Toplumun tüm sorunlarının ortak değer stratejileri ile çözüldüğü iddia edilemez. Bununla birlikte, geleneksel olarak bu görevin sadece hükümetlere ve STK'lara verildiği göz önüne alındığında, ortak değer yaratmak, şirketleri ilerlemeyi sağlamak için becerilerini, kaynaklarını ve yönetim kapasitelerini kullanmaya teşvik ederek gerçek bir devrimi temsil eder.

Ortak değer üretmek, gider olarak değil, iş başarısına bağlı orta ve uzun vadeli bir yatırım olarak ele alınmalıdır. Bu, belirli eylemlerin uygulanmasından çok, iş yapma biçimindeki zihniyet değişikliğidir.

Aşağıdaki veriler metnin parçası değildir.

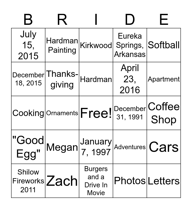 This bingo card has a free space and 24 words: Megan, Zach, Hardman, Shilow Fireworks 2011, Softball, July 15, 2015, December 18, 2015, Hardman Painting, December 31, 1991, January 7, 1997, April 23, 2016, Cooking, Adventures, Cars, Thanks- giving, Photos, Coffee Shop, Kirkwood, Apartment, Ornaments, Letters, "Good Egg", Eureka Springs, Arkansas and Burgers and a Drive In Movie.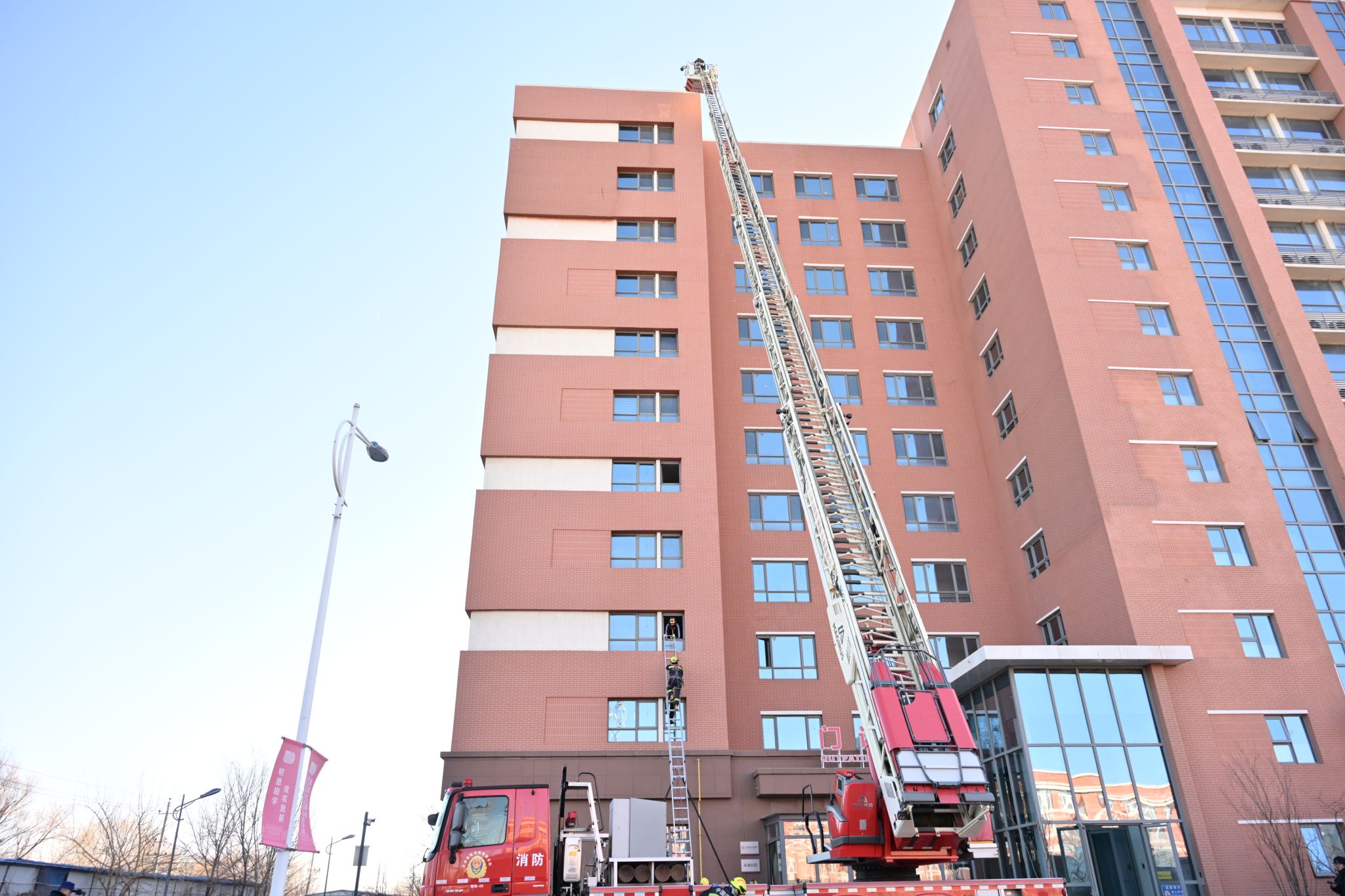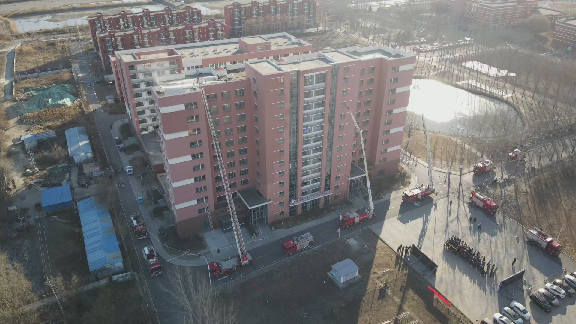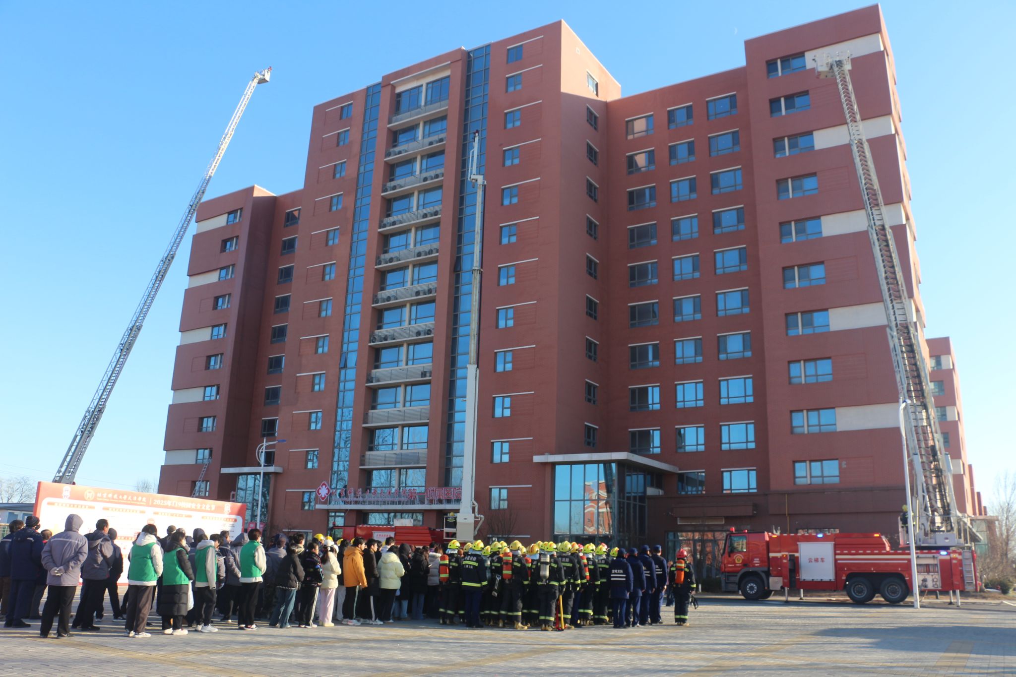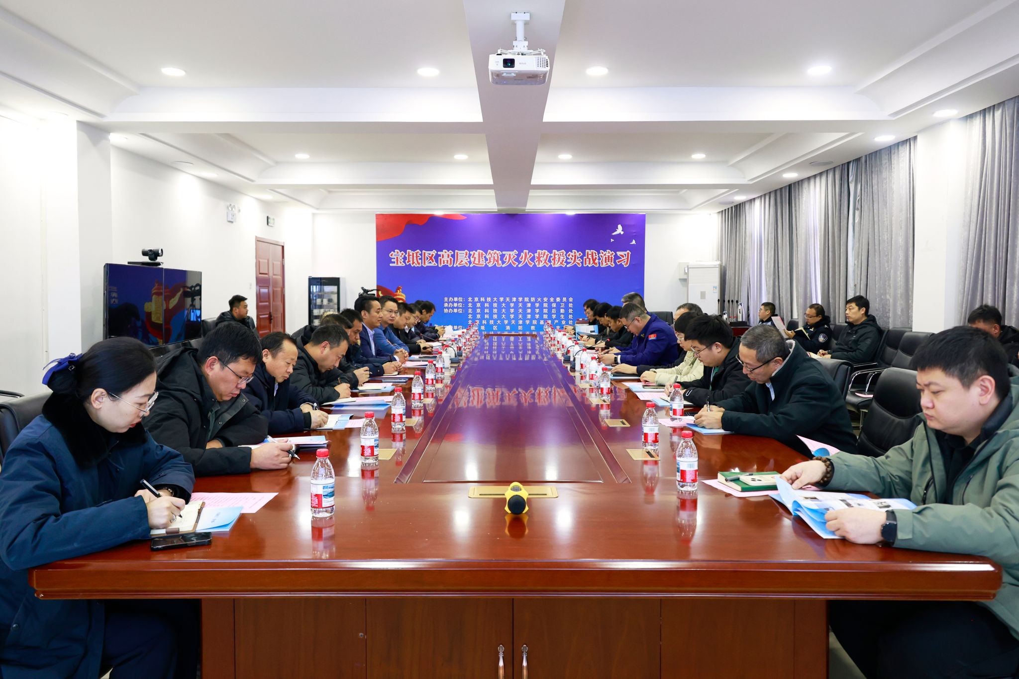 为深入贯彻落实习近平总书记关于统筹发展和安全的重要论述,健全多方协同联动机制,切实筑牢消防安全防线,12月25日下午2:30,宝坻区高层建筑灭火救援实战演习在学院成功举办。本次活动以11层高层公寓为演习现场,与会领导在学院12教300会议室同步观看演习直播并讲话。宝坻区消防救援支队支队长王西刚、副支队长王晓泽,学院党委书记叶振楠、副院长张永锋,区应急局、商务局、住建委、卫健委分管领导及36个高层单位管理人共同参与活动。

İlk olarak, üst yönetimden ve kuruluşların tüm çalışanlarından ve işbirlikçilerinden sağlam bir taahhüt oluşturmak gerekir. çünkü ortak değer yaratmak için gerekli olan kapasite, yeterlilikler ve faaliyetler geleneksel değildir; karşılıklı bağımlılık ve üretken diyalog ön plana çıkıyor, girişimci ruhu ve çevrenin daha geniş bir çerçeveyle sürekli olarak gözlemlenmesi, belirsizlikle bir arada bulunma, büyük ölçekte uygulanan yenilik ve hepsinden öte liderlik gelişimi, bir özellik olarak değil bireysel ama yüksek etkili dönüştürücü bir mücadeleyi yönetmek için bir grup kişiyi harekete geçirme yeteneği olarak. (Mutis, sf)

Referanslar

  1. Barco, JM (09 Mart 2015). KSS blog'u. Http://www.responsabilidadsocialempresarial.com/ Compromiso Empresarial adresinden alınmıştır. (12 Şubat 2011). Alınan: http://www.compromisoempresarial.com/otras/2011/02/creacion-de-valor-compartido/Díaz, N. (2014). Kurumsal Sosyal Sorumluluk ve Paylaşılan Değer Yaratma, Yönetimin Sürdürülebilirliği. Uluslararası İyi Vicdan Dergisi, 127-144 Díaz, N. (2015). Ortak değer yaratma: sürdürülebilirlik stratejileri ve iş geliştirme. Latin Amerika kültürü. EAN Üniversitesi Díaz, N. ve Castaño, C. (2013). Yeni İş Geliştirme Stratejisi Olarak Paylaşılan Değer. Uluslararası İyi Vicdan Dergisi, 82-100. Pazar, J. (2004). SISIBIB. Kütüphane Sistemi. Http://sisbib.unmsm.edu adresinden elde edildi.pe / bibvirtual / yayınlar / uygulama / v07_n13 / a07.htm Fern origin, R. (09 Ocak 2014). Sorumlu gazete. Http://diarioresponsable.com/opinion/17011-el-valor-compartido-una-evolucion-de-la-rseGuardia, R. (22 Aralık 2010). KSS taahhüdü. Alınan: http://www.compromisorse.com/opinion/ Presidente / valores – pazarlama / ramon-guardia / el-futuro-de-la-rse-el-valor-compartido / 2010-12-22 / Inter Negocios. (20 Ağustos 2015). Alınan: http://www.internegos.com/Main/Article/13/Diferencia-entre-valor-compartido-y-responsabilidad-social-empresarial IRADE. (23 Kasım 2011). Alınan: http://irade.cl/articulos-de-interes/525/%E2%80%9Cla-creacion-de-valor-compartido%E2%80%9D/Muñoz, J. (2013). İş etiği, Kurumsal Sosyal Sorumluluk (CSR) ve Paylaşılan Değer Yaratma (CVC). GCG Dergisi.Küreselleşme, Rekabet Edebilirlik ve Yönetişim, 76 - 88.Mutis, G. (sf). Paylaşılan değer, yüksek etkili bir iş stratejisi. Şartlar Empresa, 114 - 118. Pasifik Rubiales Enerji. (17 Haziran 2013). Alınan:

Teşekkürler

Orizaba Teknoloji Enstitüsü'ne bağlı idari mühendislik yüksek lisans derecesi profesörü olan araştırma profesörü Fernando Aguirre y Hernández'ya, bu makalenin yapımına ve sistemik düşünme öğrenme sürecindeki yönüne teknik katkılarından dolayı teşekkür ederiz. Aynı şekilde, Meksika'da bilim ve teknolojinin gelişimini teşvik etmeye ve teşvik etmeye adanmış Ulusal Bilim ve Teknoloji Konseyi'ne (Conacyt), lisansüstü çalışmalar için finansal destek için.